## DESCRIPTION OF THE TASK
Repeat exactly the lines of the material below that run from the "- หนังสือราชการที่ อว(ปคร)6001/4761" line to the "Amazing art silk" line, including both, and do not carry over any pictures.

## STORED DATA
- - - - - - -

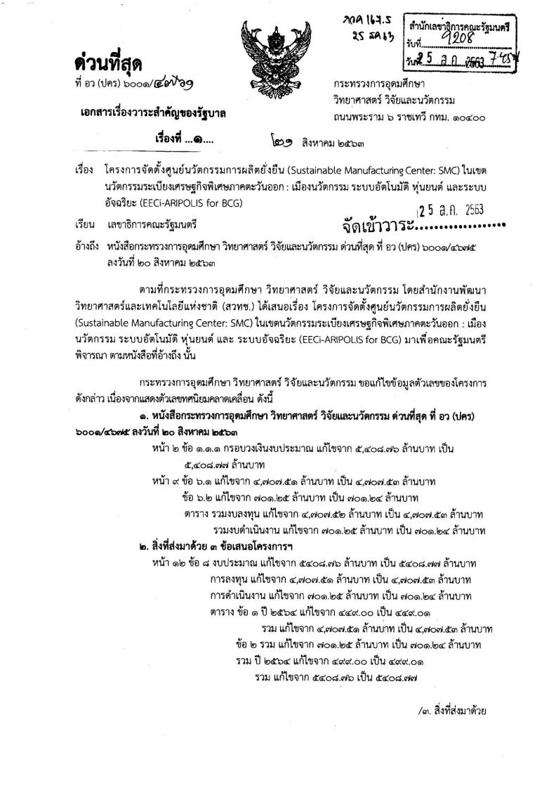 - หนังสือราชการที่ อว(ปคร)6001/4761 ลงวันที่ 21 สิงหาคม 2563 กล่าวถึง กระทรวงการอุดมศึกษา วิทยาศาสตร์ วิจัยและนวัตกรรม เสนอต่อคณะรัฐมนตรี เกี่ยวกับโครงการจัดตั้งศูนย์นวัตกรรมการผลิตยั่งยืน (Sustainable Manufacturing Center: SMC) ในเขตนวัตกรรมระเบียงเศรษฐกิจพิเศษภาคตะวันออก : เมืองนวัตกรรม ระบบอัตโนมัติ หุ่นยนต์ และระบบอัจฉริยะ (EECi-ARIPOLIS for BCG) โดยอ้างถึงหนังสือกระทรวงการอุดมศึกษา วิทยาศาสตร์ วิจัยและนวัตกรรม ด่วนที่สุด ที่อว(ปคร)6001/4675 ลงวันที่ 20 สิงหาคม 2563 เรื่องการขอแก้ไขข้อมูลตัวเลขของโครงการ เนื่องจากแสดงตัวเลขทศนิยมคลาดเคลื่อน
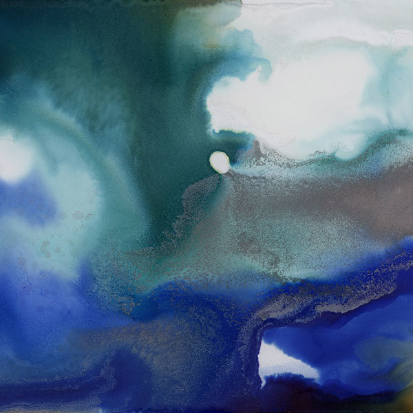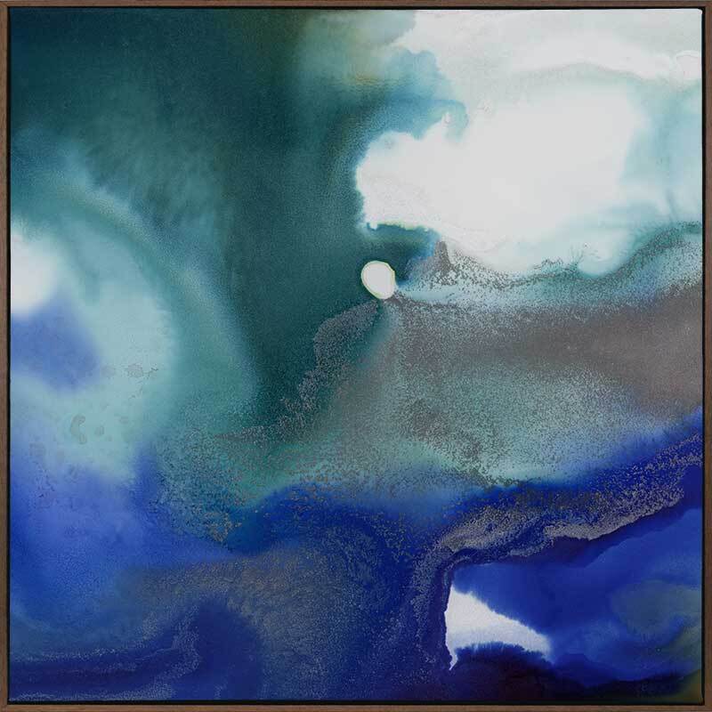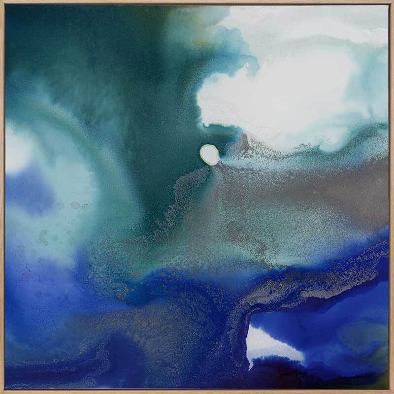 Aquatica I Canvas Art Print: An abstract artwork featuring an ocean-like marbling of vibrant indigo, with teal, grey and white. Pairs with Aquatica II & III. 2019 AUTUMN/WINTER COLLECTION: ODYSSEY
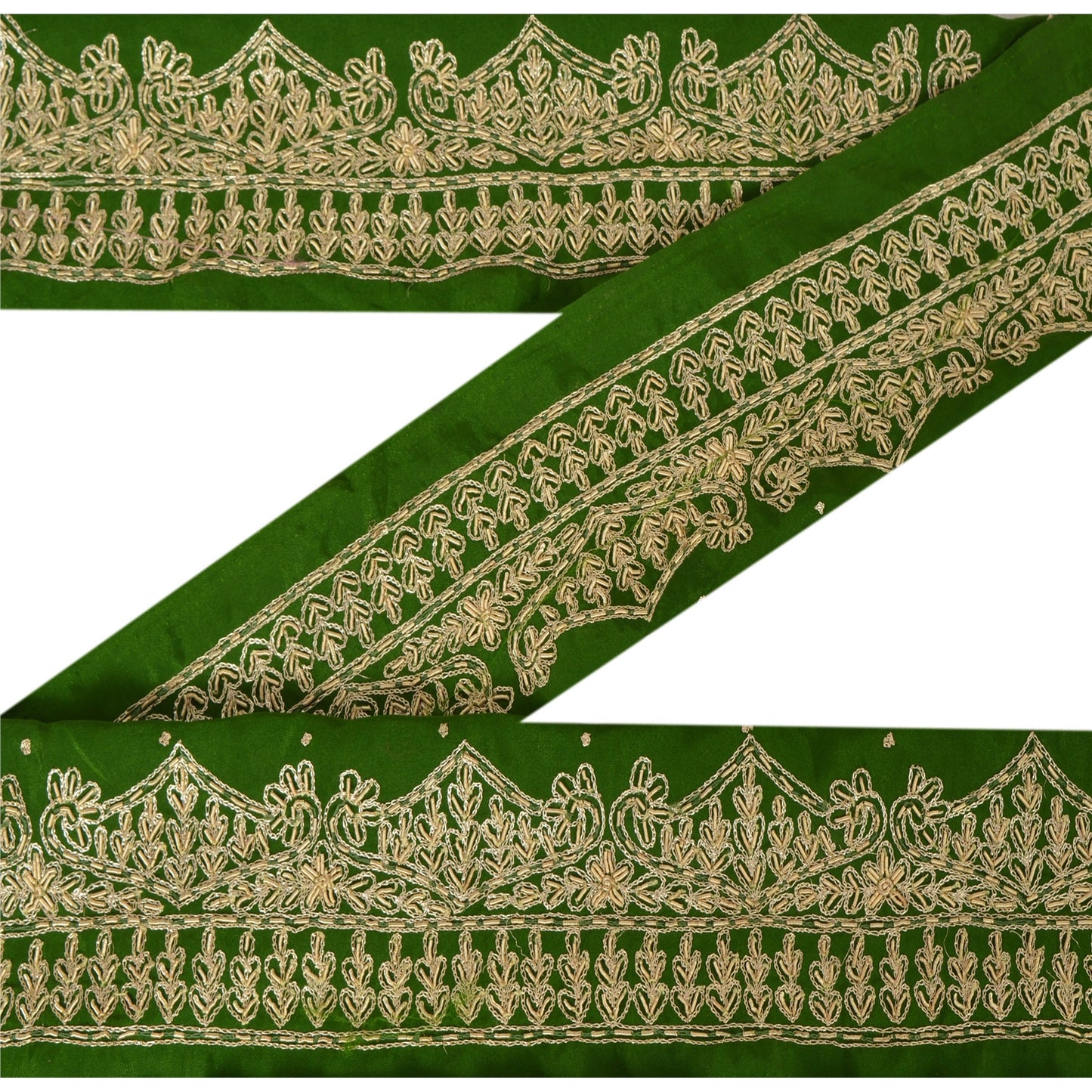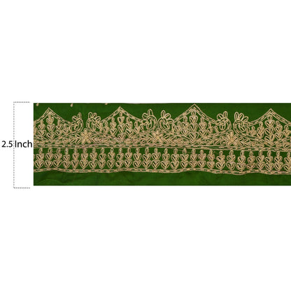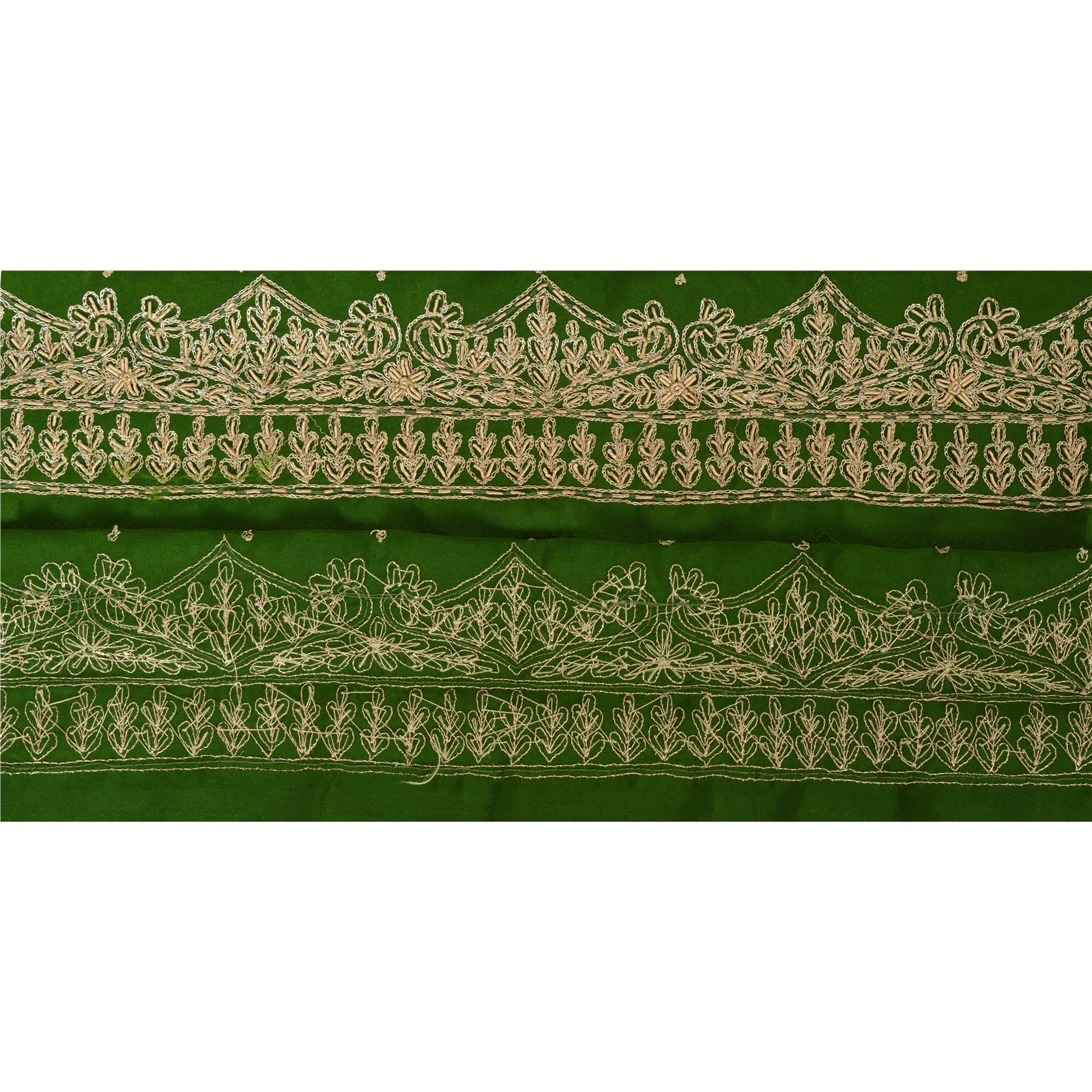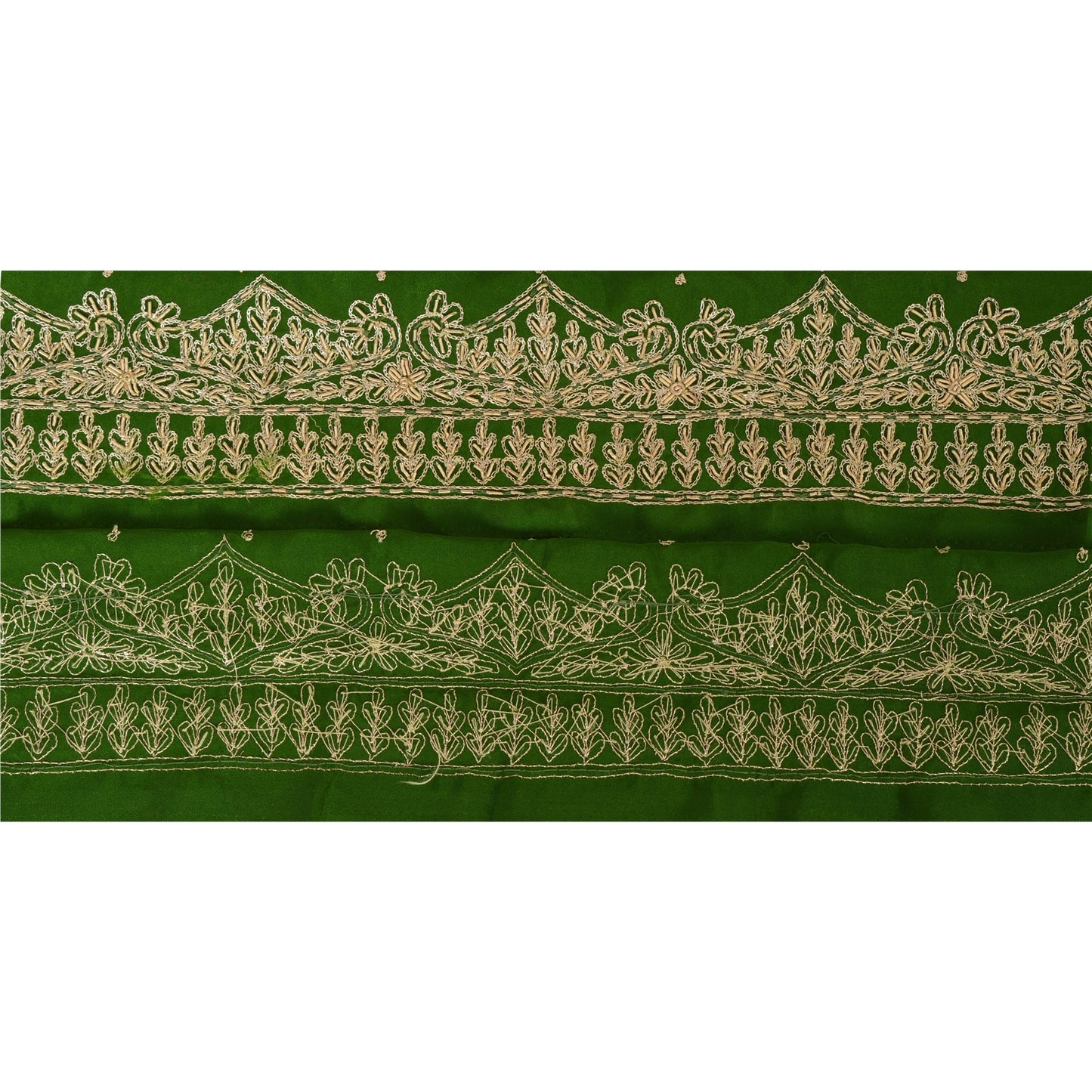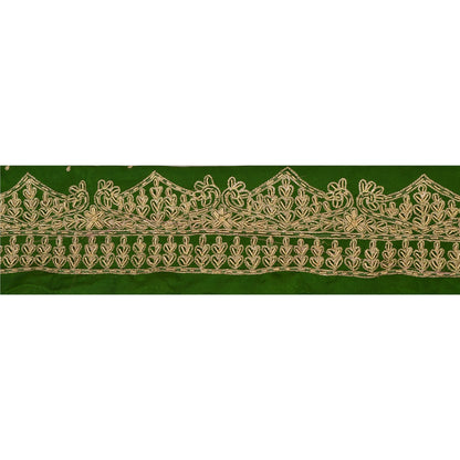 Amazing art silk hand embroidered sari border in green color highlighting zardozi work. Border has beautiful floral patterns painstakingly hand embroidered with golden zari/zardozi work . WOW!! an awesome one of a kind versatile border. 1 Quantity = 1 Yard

- - - - - - -

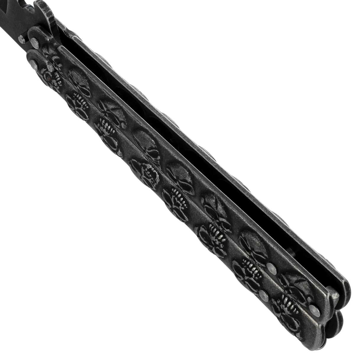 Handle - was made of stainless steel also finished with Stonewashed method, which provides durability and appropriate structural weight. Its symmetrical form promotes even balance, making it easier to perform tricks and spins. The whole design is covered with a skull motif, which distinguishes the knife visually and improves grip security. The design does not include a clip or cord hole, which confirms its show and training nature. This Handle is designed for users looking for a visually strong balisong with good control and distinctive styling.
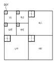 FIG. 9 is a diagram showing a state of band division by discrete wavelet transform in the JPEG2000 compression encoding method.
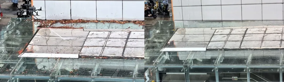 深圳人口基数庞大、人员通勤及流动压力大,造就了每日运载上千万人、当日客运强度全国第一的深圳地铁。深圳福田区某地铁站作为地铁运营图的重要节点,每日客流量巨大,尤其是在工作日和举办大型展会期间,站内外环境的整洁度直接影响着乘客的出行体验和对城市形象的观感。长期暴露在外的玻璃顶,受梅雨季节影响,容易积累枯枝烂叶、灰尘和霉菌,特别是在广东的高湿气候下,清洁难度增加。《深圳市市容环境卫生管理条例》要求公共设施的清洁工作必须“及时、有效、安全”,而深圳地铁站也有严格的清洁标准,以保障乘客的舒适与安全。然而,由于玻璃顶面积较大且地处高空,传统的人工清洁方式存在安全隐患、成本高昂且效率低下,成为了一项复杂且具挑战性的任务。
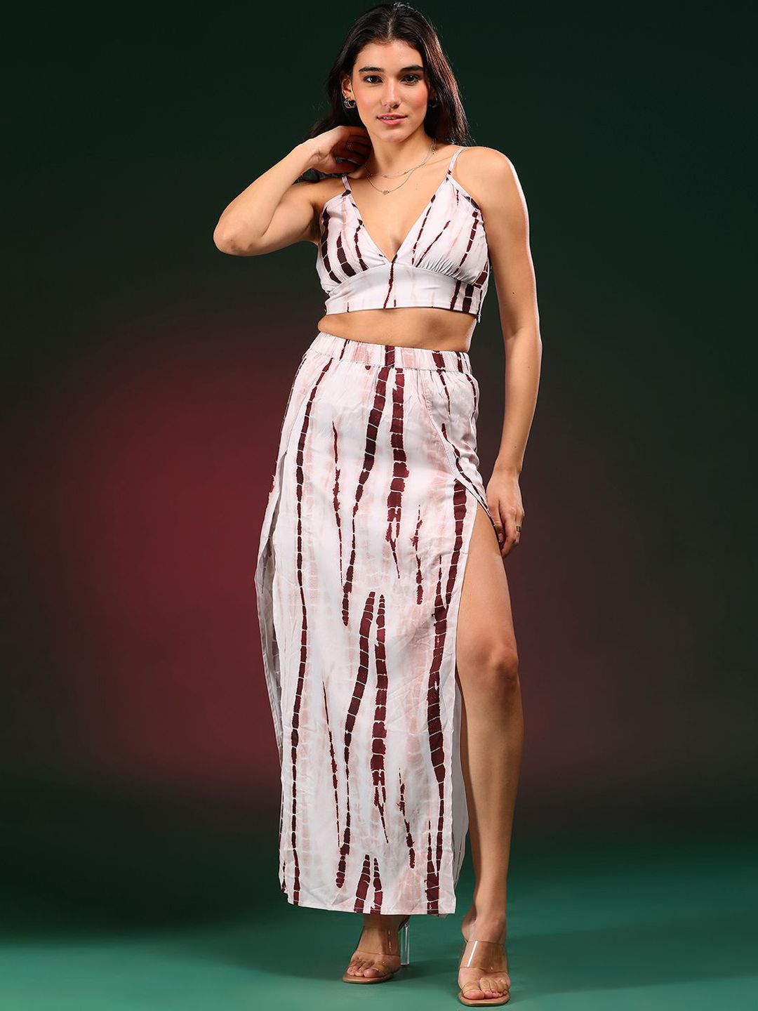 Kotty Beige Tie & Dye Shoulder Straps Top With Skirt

- - - - - - -

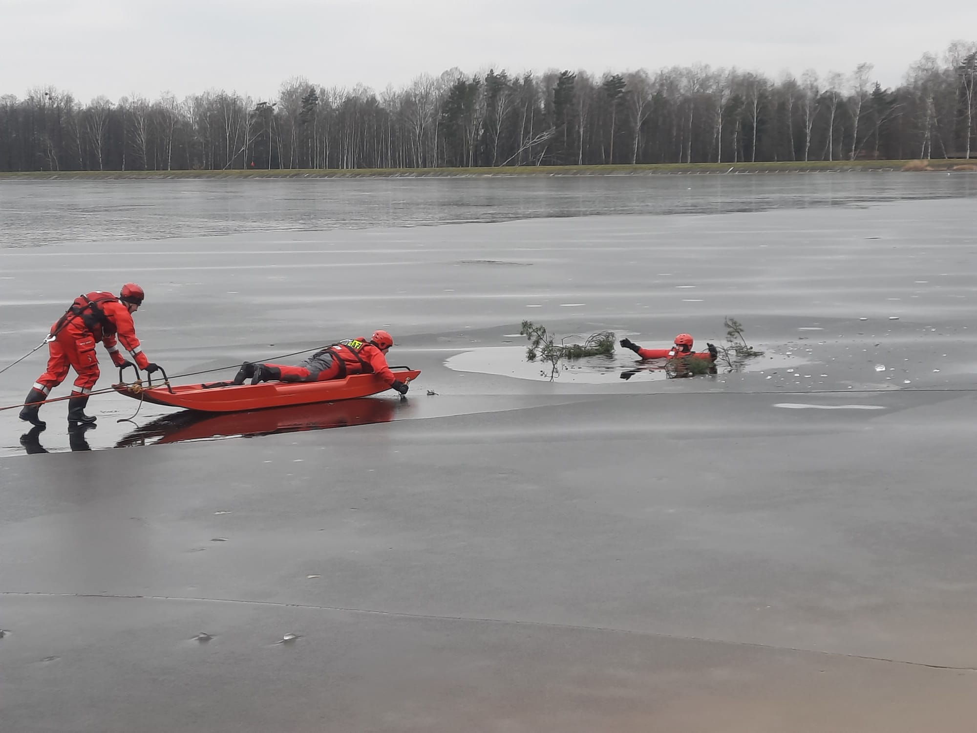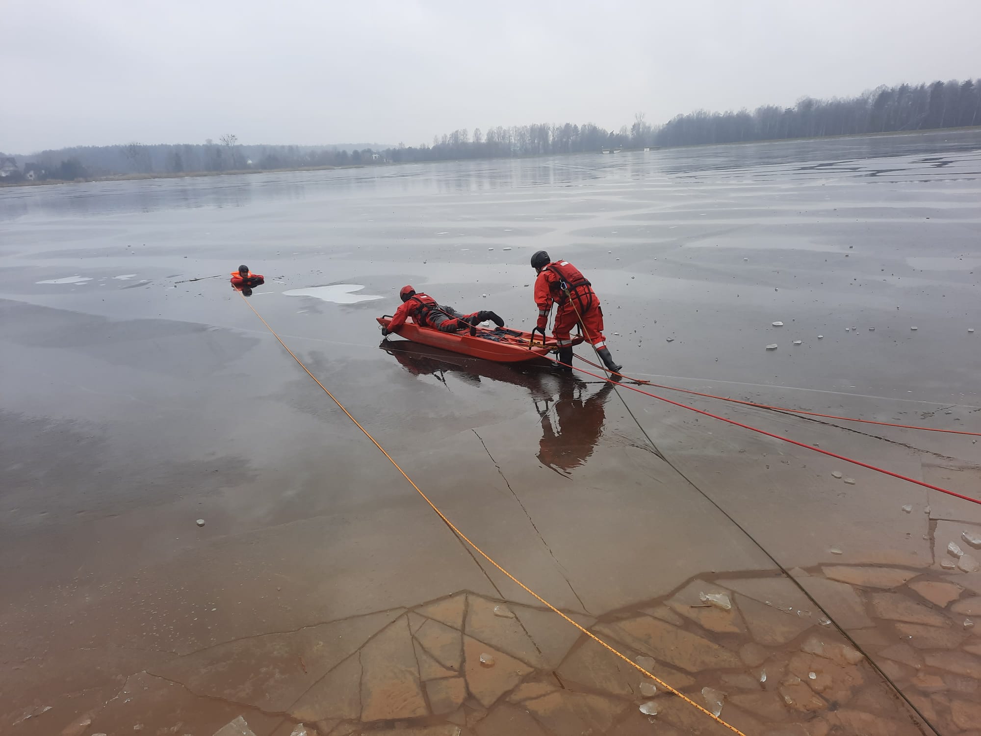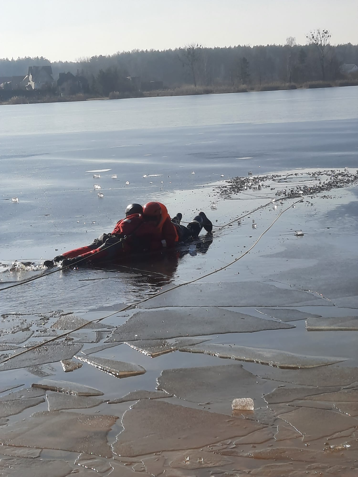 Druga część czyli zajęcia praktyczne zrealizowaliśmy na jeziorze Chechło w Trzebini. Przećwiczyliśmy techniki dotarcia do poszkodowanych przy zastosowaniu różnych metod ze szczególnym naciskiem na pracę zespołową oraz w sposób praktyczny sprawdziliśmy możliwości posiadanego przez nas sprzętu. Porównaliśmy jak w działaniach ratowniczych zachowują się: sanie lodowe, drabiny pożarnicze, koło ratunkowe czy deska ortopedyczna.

- - - - - - -

## RESULT
 - หนังสือราชการที่ อว(ปคร)6001/4761 ลงวันที่ 21 สิงหาคม 2563 กล่าวถึง กระทรวงการอุดมศึกษา วิทยาศาสตร์ วิจัยและนวัตกรรม เสนอต่อคณะรัฐมนตรี เกี่ยวกับโครงการจัดตั้งศูนย์นวัตกรรมการผลิตยั่งยืน (Sustainable Manufacturing Center: SMC) ในเขตนวัตกรรมระเบียงเศรษฐกิจพิเศษภาคตะวันออก : เมืองนวัตกรรม ระบบอัตโนมัติ หุ่นยนต์ และระบบอัจฉริยะ (EECi-ARIPOLIS for BCG) โดยอ้างถึงหนังสือกระทรวงการอุดมศึกษา วิทยาศาสตร์ วิจัยและนวัตกรรม ด่วนที่สุด ที่อว(ปคร)6001/4675 ลงวันที่ 20 สิงหาคม 2563 เรื่องการขอแก้ไขข้อมูลตัวเลขของโครงการ เนื่องจากแสดงตัวเลขทศนิยมคลาดเคลื่อน
 Aquatica I Canvas Art Print: An abstract artwork featuring an ocean-like marbling of vibrant indigo, with teal, grey and white. Pairs with Aquatica II & III. 2019 AUTUMN/WINTER COLLECTION: ODYSSEY
 Amazing art silk hand embroidered sari border in green color highlighting zardozi work. Border has beautiful floral patterns painstakingly hand embroidered with golden zari/zardozi work . WOW!! an awesome one of a kind versatile border. 1 Quantity = 1 Yard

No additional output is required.